- AIM OF THE TASK
The data below should be transcribed in full, with no picture included.

- DATA BLOCK
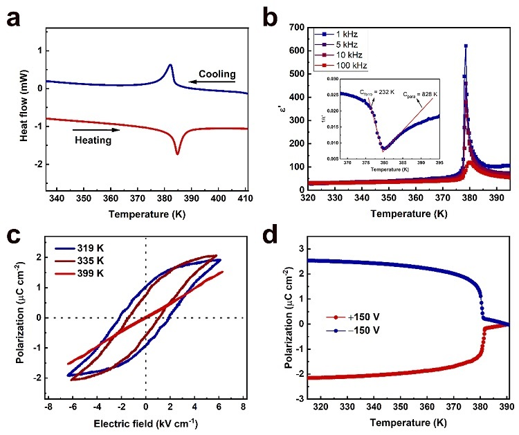 在该晶体中,Cu(II)离子和Cl离子组成的无机层被胱胺有机阳离子(NH3-CH2-CH2-S-S-CH2-CH2-NH3)2+隔开。基于-C-S-S-C-结构的螺旋特性,室温下胱胺阳离子表现出P-M -螺旋手性,并且单颗晶体中所有分子表现出相同手性,大量晶体表现出外消旋性。由于二硫键在晶体中具有相同的取向,室温下单晶结晶于极性点群。当温度升高时,胱胺阳离子变为无序,且两个无序组分呈中心对称,说明有机阳离子在晶格中可以于P-M螺旋构型之间相互转换。对应高温相单晶变为中心对称结构,铁电自发极化消失。这种极性到中心的晶格对称性变化通过单晶系统消光规律加以证实,进一步的DSC、介电温谱、铁电测试、热释电测试证明了单晶的铁电性质。
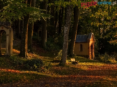 Ławeczka, Las, Drzewa, Kaplica
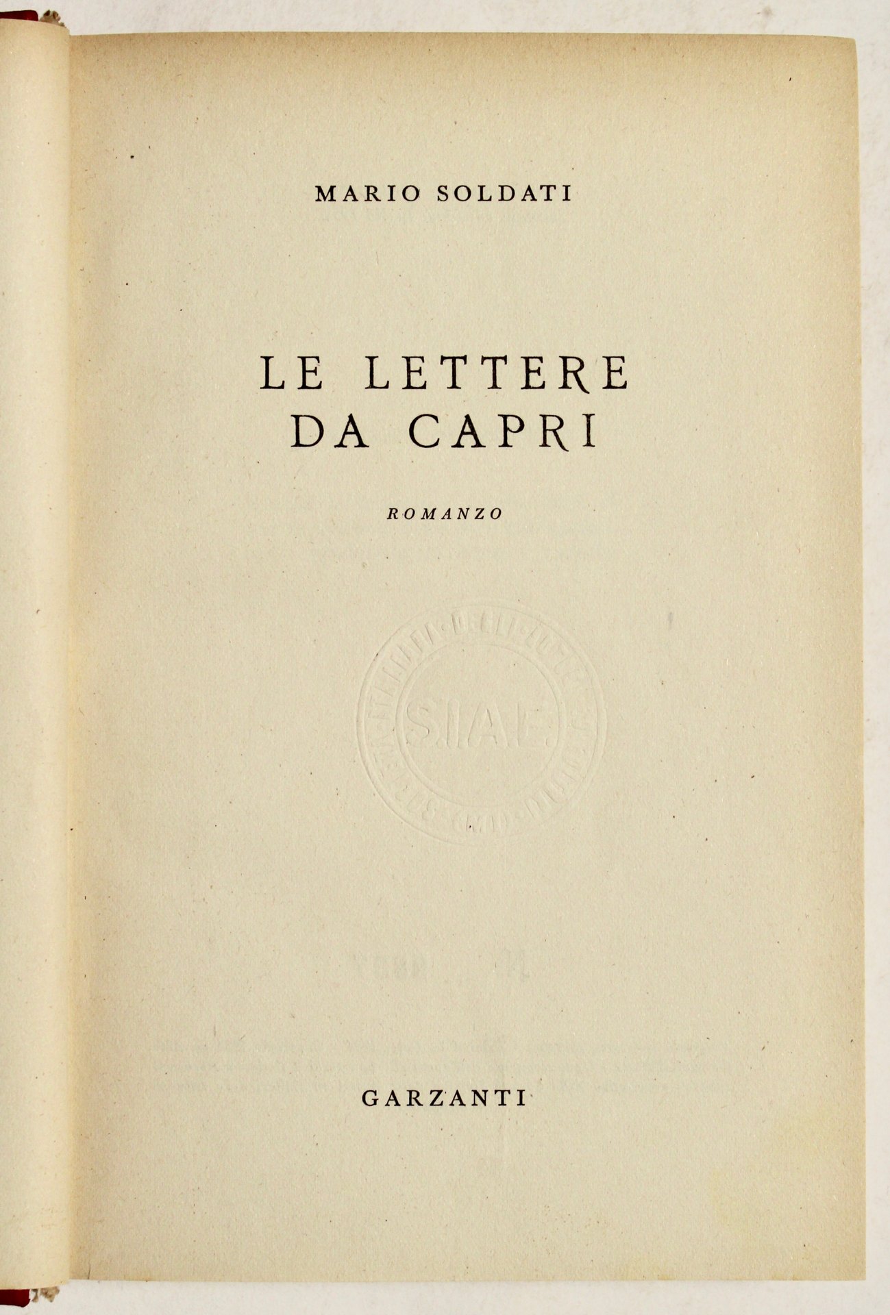Cm 20x13,5, pagg. 352; tela rossa. Buon esemplare senza sovracoperta, una firma di appartenenza al foglio di guardia Le lettere da Capri di Mario Soldati è il romanzo dell'ossessione che nasce dal conflitto tra sesso e sentimento, vincitore del Premio Strega nel 1954. "Le lettere da Capri", forse il libro più problematico e sfaccettato dell'autore, racconta un'intricata storia di amore e gelosie, ambiguità e finzioni: quella di Harry, colto americano studioso d'arte che vive in Italia, lacerato dall'opposizione tra la moglie Jane e la prostituta romana Dorothea, oggetto di un'attrazione feroce e morbosa. Vera e propria confessione, il romanzo è il resoconto spietato di un quadrato amoroso: un gioco di specchi e di inganni reciproci dal quale emerge prepotente come un grido il rifiuto del perbenismo, la voglia di evasione dai sensi di colpa e dalle costrizioni e il ritratto di una società in bilico tra convenzioni e rivolta.
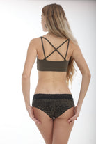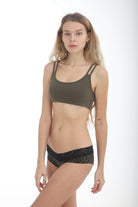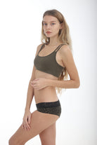 Our model wears size XS together with the olive-green cross-back bra also in size XS.

- OUTPUT OF THE EXERCISE
 在该晶体中,Cu(II)离子和Cl离子组成的无机层被胱胺有机阳离子(NH3-CH2-CH2-S-S-CH2-CH2-NH3)2+隔开。基于-C-S-S-C-结构的螺旋特性,室温下胱胺阳离子表现出P-M -螺旋手性,并且单颗晶体中所有分子表现出相同手性,大量晶体表现出外消旋性。由于二硫键在晶体中具有相同的取向,室温下单晶结晶于极性点群。当温度升高时,胱胺阳离子变为无序,且两个无序组分呈中心对称,说明有机阳离子在晶格中可以于P-M螺旋构型之间相互转换。对应高温相单晶变为中心对称结构,铁电自发极化消失。这种极性到中心的晶格对称性变化通过单晶系统消光规律加以证实,进一步的DSC、介电温谱、铁电测试、热释电测试证明了单晶的铁电性质。
 Ławeczka, Las, Drzewa, Kaplica
Cm 20x13,5, pagg. 352; tela rossa. Buon esemplare senza sovracoperta, una firma di appartenenza al foglio di guardia Le lettere da Capri di Mario Soldati è il romanzo dell'ossessione che nasce dal conflitto tra sesso e sentimento, vincitore del Premio Strega nel 1954. "Le lettere da Capri", forse il libro più problematico e sfaccettato dell'autore, racconta un'intricata storia di amore e gelosie, ambiguità e finzioni: quella di Harry, colto americano studioso d'arte che vive in Italia, lacerato dall'opposizione tra la moglie Jane e la prostituta romana Dorothea, oggetto di un'attrazione feroce e morbosa. Vera e propria confessione, il romanzo è il resoconto spietato di un quadrato amoroso: un gioco di specchi e di inganni reciproci dal quale emerge prepotente come un grido il rifiuto del perbenismo, la voglia di evasione dai sensi di colpa e dalle costrizioni e il ritratto di una società in bilico tra convenzioni e rivolta.
 Our model wears size XS together with the olive-green cross-back bra also in size XS.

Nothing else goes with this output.